* _To do_: Go through the entries below from the first line and output each one exactly, up to and including the line with "Bonnet épais en".
[Source material — start]
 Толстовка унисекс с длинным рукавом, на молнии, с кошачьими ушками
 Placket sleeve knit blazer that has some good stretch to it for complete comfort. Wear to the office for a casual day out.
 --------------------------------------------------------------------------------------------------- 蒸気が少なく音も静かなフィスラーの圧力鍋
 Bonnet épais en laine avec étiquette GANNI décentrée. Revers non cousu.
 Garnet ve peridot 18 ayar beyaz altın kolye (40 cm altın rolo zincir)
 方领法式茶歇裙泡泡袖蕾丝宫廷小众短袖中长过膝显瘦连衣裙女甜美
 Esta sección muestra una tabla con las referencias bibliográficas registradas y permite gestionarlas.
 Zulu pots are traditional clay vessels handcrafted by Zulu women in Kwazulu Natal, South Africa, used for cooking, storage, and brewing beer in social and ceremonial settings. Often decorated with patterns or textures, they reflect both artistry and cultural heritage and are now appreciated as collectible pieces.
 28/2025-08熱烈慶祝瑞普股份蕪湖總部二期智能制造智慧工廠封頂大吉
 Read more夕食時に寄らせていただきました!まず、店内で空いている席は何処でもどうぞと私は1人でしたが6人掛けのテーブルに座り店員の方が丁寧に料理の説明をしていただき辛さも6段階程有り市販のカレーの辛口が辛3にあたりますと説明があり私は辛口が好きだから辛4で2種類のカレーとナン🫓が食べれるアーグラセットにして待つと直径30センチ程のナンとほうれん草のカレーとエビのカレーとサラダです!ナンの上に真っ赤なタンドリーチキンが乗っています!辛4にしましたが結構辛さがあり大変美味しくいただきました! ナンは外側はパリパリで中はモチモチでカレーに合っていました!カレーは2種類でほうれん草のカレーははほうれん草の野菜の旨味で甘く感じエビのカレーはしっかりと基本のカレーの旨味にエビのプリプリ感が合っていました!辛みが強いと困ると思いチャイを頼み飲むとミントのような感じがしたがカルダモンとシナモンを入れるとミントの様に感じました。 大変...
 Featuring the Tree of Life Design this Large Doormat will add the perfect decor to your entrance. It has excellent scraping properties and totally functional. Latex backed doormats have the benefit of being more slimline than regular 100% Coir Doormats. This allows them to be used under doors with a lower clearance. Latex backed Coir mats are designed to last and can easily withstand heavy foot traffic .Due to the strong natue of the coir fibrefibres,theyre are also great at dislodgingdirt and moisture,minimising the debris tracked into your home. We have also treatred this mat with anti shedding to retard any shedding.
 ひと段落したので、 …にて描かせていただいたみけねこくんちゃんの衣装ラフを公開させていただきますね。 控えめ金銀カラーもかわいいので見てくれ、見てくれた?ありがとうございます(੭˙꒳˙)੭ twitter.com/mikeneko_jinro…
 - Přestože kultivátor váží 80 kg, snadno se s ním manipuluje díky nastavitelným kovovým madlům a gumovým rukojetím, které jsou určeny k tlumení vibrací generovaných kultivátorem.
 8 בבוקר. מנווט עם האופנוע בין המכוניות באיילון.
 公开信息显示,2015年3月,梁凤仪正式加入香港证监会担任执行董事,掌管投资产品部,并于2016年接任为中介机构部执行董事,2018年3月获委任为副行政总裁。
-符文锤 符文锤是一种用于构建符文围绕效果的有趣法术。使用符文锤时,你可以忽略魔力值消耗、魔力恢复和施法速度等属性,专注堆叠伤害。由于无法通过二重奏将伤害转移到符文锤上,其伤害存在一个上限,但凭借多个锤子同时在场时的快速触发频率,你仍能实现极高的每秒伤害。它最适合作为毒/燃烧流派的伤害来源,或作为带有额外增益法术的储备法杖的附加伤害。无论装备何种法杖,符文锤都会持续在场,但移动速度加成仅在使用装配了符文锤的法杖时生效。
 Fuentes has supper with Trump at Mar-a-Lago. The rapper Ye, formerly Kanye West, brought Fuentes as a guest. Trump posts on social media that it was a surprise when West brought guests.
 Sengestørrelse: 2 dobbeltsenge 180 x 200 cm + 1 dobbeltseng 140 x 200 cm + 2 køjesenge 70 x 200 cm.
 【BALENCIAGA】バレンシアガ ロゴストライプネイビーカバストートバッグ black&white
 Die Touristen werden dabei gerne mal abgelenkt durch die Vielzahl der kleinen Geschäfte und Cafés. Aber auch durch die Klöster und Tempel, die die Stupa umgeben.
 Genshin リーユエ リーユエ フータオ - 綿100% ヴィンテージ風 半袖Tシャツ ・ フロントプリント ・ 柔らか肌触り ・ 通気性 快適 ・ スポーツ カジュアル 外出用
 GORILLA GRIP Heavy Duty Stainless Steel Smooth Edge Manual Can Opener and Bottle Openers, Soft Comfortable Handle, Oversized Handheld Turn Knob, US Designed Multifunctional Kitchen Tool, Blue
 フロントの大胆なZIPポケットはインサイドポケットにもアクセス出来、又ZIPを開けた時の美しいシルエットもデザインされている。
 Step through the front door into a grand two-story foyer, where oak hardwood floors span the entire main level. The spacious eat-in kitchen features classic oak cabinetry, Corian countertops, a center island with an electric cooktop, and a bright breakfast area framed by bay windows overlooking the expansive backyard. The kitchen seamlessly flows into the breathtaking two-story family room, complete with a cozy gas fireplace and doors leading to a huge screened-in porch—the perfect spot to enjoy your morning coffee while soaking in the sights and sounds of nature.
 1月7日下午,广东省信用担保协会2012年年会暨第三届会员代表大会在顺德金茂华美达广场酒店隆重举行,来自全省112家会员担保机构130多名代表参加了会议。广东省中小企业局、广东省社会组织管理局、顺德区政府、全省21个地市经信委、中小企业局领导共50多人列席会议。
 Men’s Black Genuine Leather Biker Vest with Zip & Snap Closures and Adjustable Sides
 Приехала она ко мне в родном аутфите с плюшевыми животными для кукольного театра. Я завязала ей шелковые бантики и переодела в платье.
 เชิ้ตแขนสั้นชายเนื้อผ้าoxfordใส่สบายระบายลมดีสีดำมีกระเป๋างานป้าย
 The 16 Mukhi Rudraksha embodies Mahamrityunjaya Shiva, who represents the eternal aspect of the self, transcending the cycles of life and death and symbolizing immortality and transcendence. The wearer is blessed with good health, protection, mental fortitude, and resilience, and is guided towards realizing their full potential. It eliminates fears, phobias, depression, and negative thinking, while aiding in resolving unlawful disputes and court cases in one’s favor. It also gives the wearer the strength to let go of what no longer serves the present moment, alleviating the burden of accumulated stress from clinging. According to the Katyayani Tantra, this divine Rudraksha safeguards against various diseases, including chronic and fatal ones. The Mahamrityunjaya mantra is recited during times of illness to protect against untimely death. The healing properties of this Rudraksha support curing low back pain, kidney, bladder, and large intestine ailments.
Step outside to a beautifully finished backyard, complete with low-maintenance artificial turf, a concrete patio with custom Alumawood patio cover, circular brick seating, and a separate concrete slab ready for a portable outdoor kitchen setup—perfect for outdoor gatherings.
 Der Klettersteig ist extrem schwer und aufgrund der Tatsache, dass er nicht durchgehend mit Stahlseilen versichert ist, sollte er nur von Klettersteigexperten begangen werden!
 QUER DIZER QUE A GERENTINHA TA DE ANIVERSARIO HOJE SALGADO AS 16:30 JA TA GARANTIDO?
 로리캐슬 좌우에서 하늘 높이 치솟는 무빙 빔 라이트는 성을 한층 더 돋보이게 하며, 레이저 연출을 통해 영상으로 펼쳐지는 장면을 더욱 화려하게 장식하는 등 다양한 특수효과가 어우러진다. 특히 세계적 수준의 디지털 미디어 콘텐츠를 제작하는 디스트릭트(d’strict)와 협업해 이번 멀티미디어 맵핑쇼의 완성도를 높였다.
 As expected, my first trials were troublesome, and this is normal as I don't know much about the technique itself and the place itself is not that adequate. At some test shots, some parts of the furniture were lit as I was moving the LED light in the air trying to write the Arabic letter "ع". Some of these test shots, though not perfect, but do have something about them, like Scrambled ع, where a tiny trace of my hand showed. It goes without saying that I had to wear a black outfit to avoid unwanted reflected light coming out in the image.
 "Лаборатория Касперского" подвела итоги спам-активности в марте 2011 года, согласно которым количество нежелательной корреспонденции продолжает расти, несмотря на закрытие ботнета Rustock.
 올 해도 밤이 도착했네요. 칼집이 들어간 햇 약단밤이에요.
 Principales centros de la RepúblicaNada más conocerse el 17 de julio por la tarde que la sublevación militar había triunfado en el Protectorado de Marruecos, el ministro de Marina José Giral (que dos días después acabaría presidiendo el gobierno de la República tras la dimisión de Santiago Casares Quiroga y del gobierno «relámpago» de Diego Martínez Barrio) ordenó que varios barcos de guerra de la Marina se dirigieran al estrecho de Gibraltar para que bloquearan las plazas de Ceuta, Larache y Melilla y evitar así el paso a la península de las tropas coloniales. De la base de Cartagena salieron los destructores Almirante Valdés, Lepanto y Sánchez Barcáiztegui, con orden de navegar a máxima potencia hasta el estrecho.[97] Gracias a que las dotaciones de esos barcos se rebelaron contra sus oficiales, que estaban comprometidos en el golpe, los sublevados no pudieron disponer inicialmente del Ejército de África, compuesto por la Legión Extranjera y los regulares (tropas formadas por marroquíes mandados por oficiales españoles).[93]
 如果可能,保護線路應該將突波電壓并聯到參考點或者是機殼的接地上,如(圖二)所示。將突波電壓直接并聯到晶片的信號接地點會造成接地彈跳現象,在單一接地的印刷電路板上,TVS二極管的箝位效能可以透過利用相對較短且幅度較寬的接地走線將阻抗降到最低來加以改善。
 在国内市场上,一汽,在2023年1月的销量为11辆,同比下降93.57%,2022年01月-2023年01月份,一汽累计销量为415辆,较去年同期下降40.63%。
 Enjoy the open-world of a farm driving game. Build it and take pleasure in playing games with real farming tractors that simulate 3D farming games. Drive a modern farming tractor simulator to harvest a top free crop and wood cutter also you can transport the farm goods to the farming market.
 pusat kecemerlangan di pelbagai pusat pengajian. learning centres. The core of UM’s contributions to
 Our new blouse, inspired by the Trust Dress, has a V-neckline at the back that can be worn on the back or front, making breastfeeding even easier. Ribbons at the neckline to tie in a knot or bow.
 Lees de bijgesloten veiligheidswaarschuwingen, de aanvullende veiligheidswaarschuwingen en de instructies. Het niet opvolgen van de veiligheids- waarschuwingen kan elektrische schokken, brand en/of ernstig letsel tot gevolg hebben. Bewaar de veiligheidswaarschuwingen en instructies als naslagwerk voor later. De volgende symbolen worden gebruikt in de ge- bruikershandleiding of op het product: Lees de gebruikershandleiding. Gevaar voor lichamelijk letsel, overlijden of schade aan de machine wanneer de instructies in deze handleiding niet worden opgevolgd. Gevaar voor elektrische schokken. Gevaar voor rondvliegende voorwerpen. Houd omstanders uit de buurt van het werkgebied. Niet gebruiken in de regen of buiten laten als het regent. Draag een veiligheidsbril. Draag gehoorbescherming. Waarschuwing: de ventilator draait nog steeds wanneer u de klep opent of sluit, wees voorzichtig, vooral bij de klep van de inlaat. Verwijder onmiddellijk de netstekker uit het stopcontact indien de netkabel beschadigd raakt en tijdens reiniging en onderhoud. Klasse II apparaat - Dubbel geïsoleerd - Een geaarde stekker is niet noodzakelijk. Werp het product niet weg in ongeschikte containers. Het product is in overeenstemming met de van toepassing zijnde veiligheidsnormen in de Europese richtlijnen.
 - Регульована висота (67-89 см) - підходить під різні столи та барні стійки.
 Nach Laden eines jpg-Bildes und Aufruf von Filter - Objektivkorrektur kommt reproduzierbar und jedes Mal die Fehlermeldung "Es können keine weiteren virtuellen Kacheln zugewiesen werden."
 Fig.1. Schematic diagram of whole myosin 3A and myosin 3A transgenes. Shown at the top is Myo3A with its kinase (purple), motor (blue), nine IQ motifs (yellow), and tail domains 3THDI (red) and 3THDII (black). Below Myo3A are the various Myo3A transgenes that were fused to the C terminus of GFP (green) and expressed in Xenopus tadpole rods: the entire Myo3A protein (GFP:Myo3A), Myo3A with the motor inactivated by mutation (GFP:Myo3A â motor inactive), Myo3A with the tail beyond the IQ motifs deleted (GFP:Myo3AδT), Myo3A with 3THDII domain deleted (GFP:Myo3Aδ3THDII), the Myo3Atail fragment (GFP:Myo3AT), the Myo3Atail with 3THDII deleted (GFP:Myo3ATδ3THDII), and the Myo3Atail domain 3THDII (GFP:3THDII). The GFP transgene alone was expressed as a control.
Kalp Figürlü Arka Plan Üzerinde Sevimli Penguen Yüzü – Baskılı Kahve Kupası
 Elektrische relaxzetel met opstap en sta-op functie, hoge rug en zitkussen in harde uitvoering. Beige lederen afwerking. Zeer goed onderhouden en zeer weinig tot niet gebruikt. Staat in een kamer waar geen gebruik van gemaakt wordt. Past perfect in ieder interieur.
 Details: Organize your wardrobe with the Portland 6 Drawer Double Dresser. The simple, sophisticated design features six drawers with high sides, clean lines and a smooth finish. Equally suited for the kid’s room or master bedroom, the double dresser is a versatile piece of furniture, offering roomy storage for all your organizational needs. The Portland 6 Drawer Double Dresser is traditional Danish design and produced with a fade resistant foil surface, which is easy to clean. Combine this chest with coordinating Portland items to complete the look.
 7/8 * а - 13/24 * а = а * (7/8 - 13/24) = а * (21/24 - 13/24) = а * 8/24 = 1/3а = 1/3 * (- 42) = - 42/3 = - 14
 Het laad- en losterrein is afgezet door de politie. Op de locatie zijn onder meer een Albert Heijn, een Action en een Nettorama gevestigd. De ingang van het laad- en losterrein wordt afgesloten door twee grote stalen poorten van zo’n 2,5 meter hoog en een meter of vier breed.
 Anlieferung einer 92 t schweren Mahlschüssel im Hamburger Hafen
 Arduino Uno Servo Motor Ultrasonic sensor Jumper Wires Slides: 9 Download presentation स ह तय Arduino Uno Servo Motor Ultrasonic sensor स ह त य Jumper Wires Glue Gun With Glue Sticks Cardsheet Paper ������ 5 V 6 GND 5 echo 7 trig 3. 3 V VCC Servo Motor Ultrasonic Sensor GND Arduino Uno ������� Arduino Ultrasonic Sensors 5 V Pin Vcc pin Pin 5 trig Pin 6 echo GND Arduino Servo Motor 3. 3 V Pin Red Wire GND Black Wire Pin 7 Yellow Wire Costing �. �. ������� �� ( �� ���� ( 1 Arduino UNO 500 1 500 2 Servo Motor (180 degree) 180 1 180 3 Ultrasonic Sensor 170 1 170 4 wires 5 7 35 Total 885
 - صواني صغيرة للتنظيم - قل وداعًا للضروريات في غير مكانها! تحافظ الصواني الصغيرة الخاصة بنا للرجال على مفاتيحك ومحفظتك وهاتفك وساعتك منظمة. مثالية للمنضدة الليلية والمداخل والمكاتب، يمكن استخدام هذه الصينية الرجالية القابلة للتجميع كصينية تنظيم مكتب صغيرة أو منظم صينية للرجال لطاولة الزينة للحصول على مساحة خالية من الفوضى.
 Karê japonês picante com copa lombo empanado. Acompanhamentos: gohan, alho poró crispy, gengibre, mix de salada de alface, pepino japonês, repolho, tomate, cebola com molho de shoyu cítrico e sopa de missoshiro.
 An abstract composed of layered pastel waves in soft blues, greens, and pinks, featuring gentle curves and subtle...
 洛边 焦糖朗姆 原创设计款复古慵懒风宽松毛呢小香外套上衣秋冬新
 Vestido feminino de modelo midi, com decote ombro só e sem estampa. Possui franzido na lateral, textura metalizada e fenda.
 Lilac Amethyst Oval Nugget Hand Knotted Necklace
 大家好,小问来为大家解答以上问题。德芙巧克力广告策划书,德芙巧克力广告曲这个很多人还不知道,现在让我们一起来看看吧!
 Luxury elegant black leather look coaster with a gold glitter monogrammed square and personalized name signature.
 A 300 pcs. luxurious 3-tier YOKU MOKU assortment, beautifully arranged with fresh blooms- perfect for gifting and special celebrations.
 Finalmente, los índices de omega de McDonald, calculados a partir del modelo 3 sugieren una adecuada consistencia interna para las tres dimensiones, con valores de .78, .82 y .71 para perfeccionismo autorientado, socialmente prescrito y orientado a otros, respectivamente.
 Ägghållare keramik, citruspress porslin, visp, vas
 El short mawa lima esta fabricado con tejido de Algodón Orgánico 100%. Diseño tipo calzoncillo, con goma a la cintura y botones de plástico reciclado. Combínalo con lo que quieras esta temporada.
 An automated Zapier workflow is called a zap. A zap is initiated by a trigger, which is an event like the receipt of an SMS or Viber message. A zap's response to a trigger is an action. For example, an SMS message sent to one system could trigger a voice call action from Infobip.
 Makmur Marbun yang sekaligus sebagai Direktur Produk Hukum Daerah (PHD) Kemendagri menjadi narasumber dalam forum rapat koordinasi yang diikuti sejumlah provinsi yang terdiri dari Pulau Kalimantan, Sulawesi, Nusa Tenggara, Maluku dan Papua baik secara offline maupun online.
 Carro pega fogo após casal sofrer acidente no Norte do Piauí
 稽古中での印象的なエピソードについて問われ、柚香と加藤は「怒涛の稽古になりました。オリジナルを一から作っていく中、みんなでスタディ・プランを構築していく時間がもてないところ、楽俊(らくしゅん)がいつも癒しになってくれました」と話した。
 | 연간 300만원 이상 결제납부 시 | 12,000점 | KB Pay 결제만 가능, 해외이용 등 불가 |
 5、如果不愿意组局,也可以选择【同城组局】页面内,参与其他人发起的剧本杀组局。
[Source material — finish]
* _Result for this task_:
 Толстовка унисекс с длинным рукавом, на молнии, с кошачьими ушками
 Placket sleeve knit blazer that has some good stretch to it for complete comfort. Wear to the office for a casual day out.
 --------------------------------------------------------------------------------------------------- 蒸気が少なく音も静かなフィスラーの圧力鍋
 Bonnet épais en laine avec étiquette GANNI décentrée. Revers non cousu.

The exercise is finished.